Life is changing quickly for the native Inuit people of the Canadian Arctic.
The territory of Nunavut lies in the northernmost reaches of the globe. Iqaluit, the capital, is just 200 miles south of the Arctic Circle. And it’s warming at twice the global rate. There are now shrubs where once there was only ice. The town's buildings were designed to stand on permafrost, and now, as the ground thaws, those structures — as well as roads and runways — are sinking and wearing away.
While those daily reminders are the new normal in the north, politicians are still trying to figure out how to curb emissions and tax polluters. In May 2015, the conservative government under Prime Minister Stephen Harper introduced a non-binding carbon reduction plan which they submitted to the Paris Climate Agreement. The plan calls for Canada to cut emissions by 30 percent of their 2005 levels by 2030.
To accomplish that, the nation would introduce a carbon pricing plan, tax emitters, and phase out coal fired power plants. In the year and a half since Paris, a new Liberal government under Justin Trudeau has also adopted the plan. Speaking in December atparliament, Trudeau gave provinces a choice: either a carbon tax or cap and trade. Under the latter scheme a limit is set on allowable carbon emissions and companies either must pay penalties for exceeding that limit or can sell off credits if they are under. The national carbon tax would start at $10 per ton in 2018, and rise each year to $50 per ton in 2022.
“If neither price nor cap and trade is in place by 2018, the government of Canada will implement a price in that jurisdiction,” Trudeau said in the House of Commons to applause, and added, “Because pollution crosses borders, all provinces must do their part.”
So far, it’s been impossible to pass binding national laws in Canada because of a pushback from industry. They argue when Canada’s biggest trade partner and business competitor — the US — is one of the largest emitters of greenhouses gases in the world, implementing stringent climate policy for Canada is a political and economical gamble. Brad Wall, Saskatchewan premier, voiced his concern about Trudeau’s sweeping legislation.
“Let’s not be naive as Canadians. This is our number one, not just trading partner but competitor for investments in energy…and we need to be competitive with them,” he says.

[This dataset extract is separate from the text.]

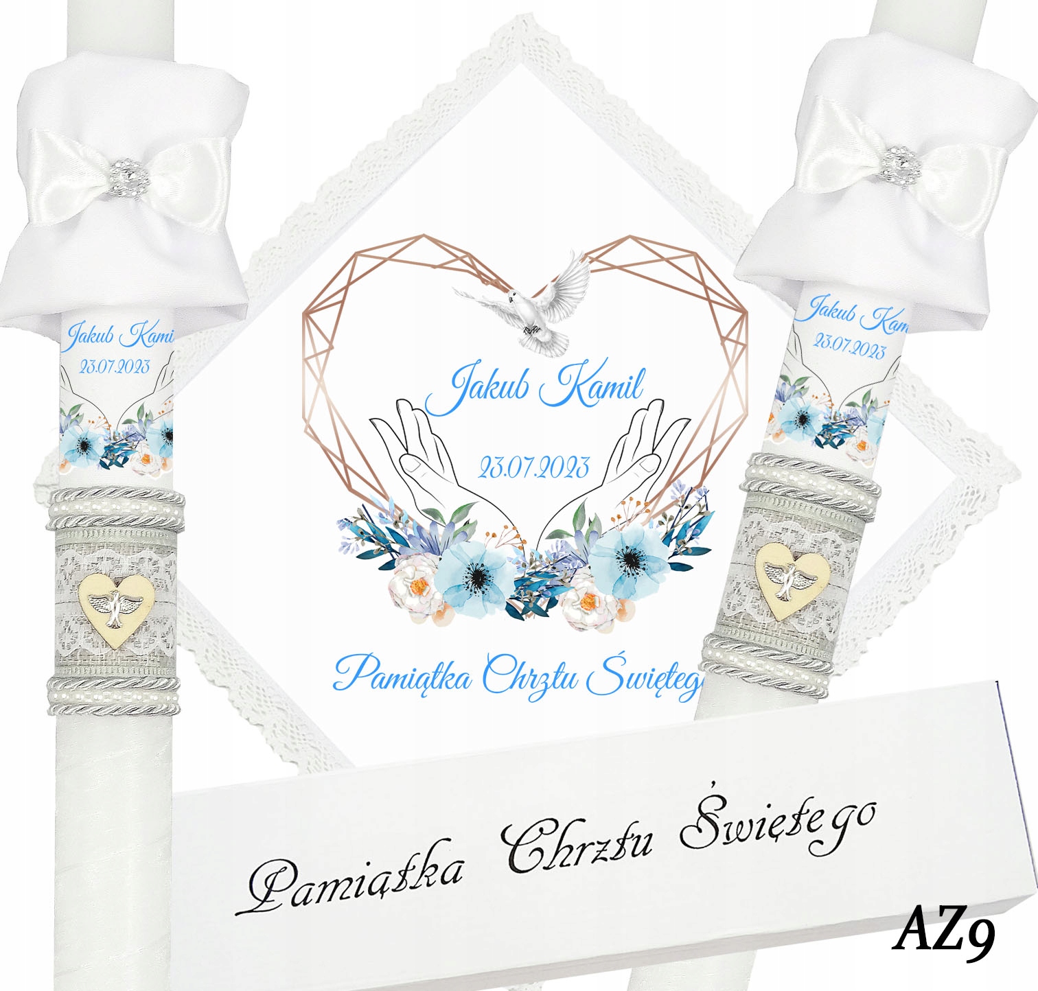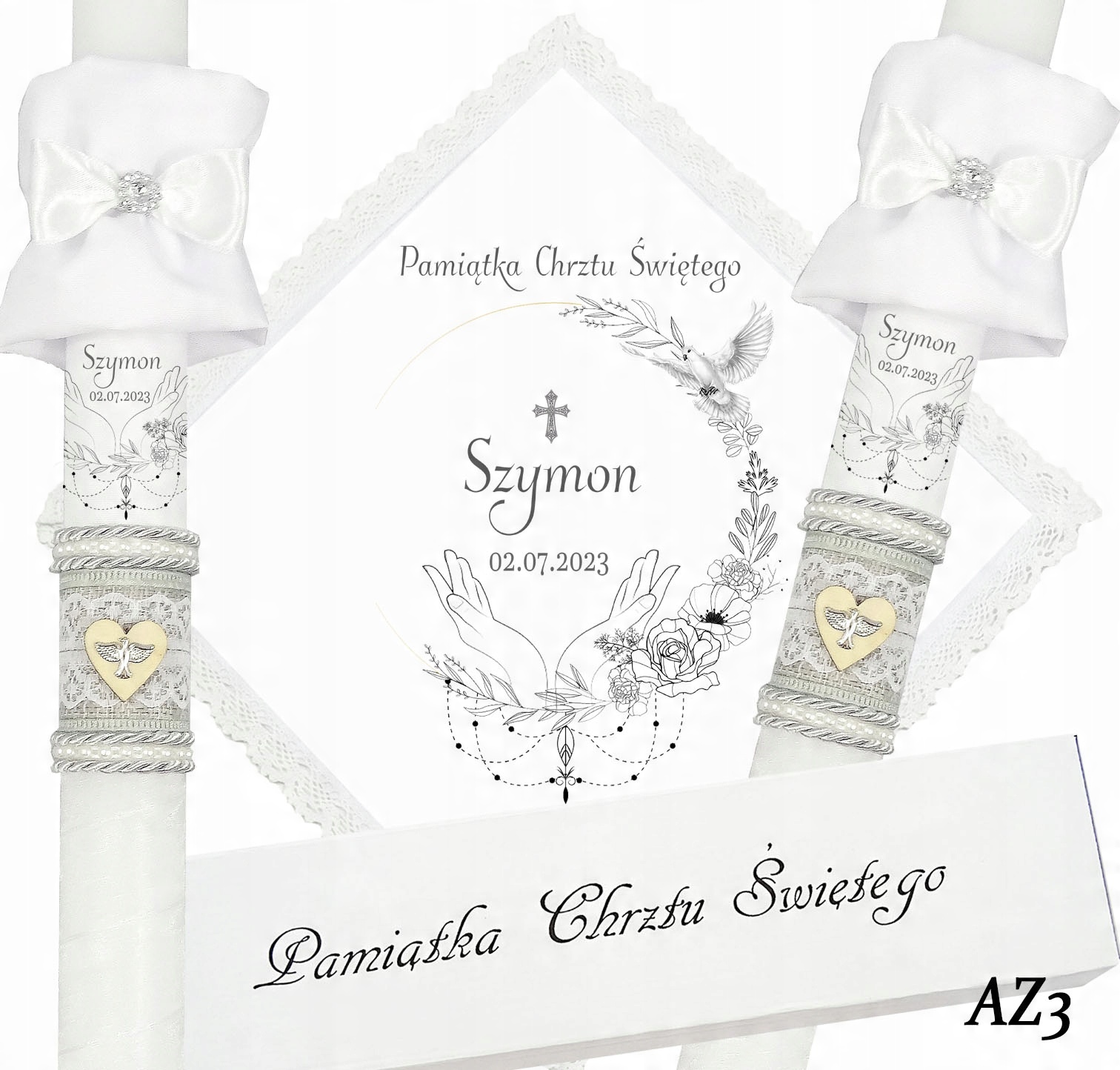 Представляємо надзвичайний набір з хрестильної ризи та свічки, створений з урочистим подія в житті кожної дитини. Халат виготовлений з білосніжного матеріалу та оброблений бавовняним мереживом, що надає йому елегантності та ніжності. Свічка декорована вручну і має принт з ім'ям дитини, що робить її унікальним і унікальним сувеніром. Свічка має срібну нитку, на її поверхні сіра джутова стрічка з мереживом і дерев'яне серце з срібною емблемою Святого Духа. Інша частина свічки обмотується білою шифоновою стрічкою. Все це упаковано в білу картонну коробку з написом «Сувенір на Святе Хрещення», також в комплект входить тканинна бонусна сумка. Цей унікальний набір із одягу та свічки неодмінно підкреслить церемонію хрещення та посилить емоції та спогади, пов’язані з цією особливою подією.

Putting a price on carbon threatens cross-border industry for Canadians if Americans don’t adopt the same price.
“Those businesses argue that this will put us at a competitive disadvantage with the election of the Trump government," says Kathryn Harrison, a professor of political science at the University of British Columbia. "And so, we can expect greater political opposition to Trudeau’s agenda.”

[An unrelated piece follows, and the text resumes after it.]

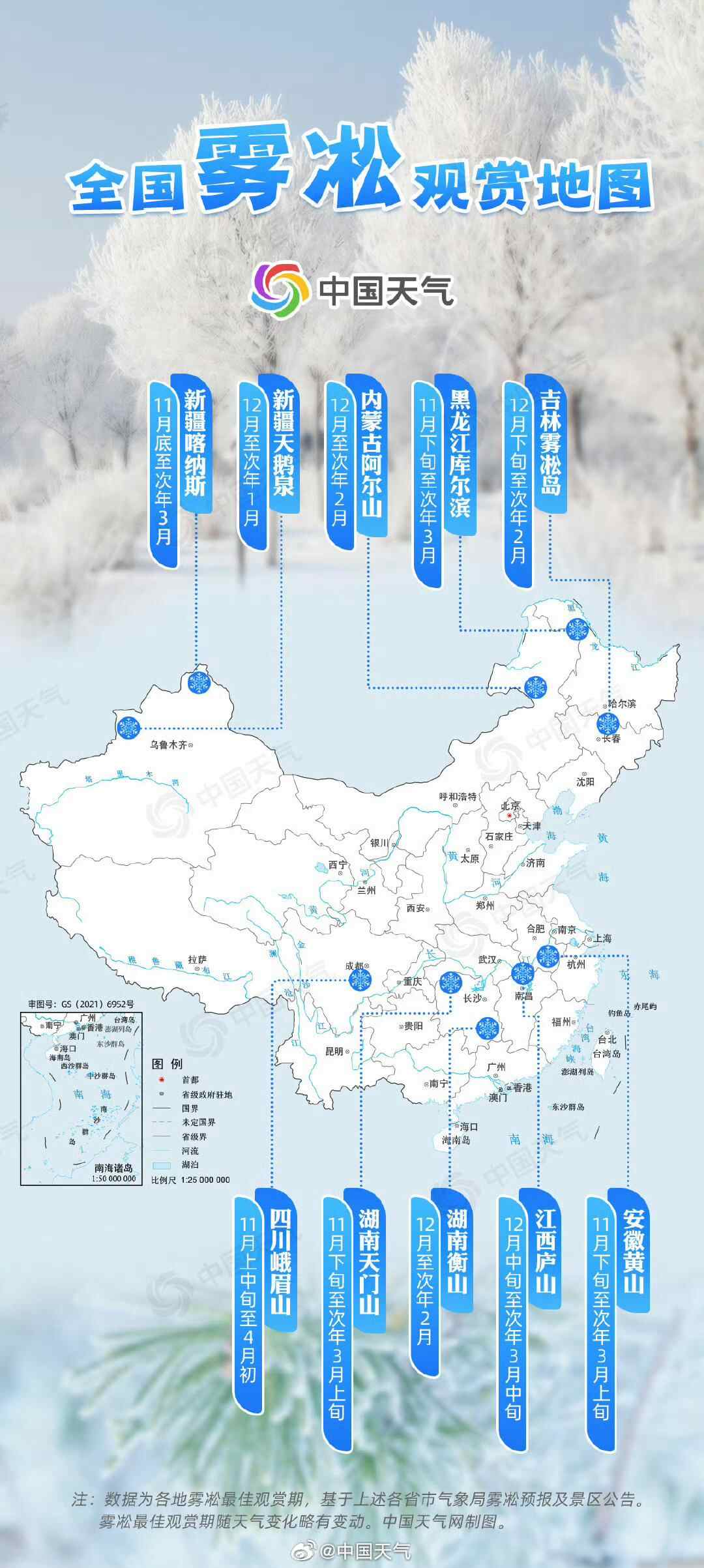 雾凇虽美,却可遇不可求,想要见到需要一定的运气。去哪儿才能成功邂逅一场最美雾凇呢?这张全国雾凇观赏地图,想看雾凇的广东老友看过来。有时间的话就出省去看雪、看雾凇吧!

But some of North America’s most progressive climate actions are happening at the province-level; and they’re even pairing up with US states. British Columbia adopted a carbon tax. The government of Quebec joined a cap and trade program with California. Ontario, which has already phased out coal fired power, is set to follow.
Moreover, the Paris climate agreement, which Canada ratified, has also encouraged the government to move towards emissions reduction. Pro-environment Parliamentarian Linda Duncan, says despite the Paris agreement not being binding, “we will be holding the government’s feet to the fire to actually be taking action.” She represents citizens in Edmonton, Alberta, the biggest city next to Canada’s oil fields. Her province is diversifying toward green energy and while she says the federal government is mouthing the right policies, “too much action to deliver on climate reductions are downloaded to the provinces and municipalities.”
Her calls for action have taken a new urgency in Canada’s Arctic regions. In Iqaluit, if sagging streets and runways aren’t bad enough, they have a brand new threat to worry about as well: Some uranium mining companies are concerned about thawing soil releasing unsafe levels of radiation.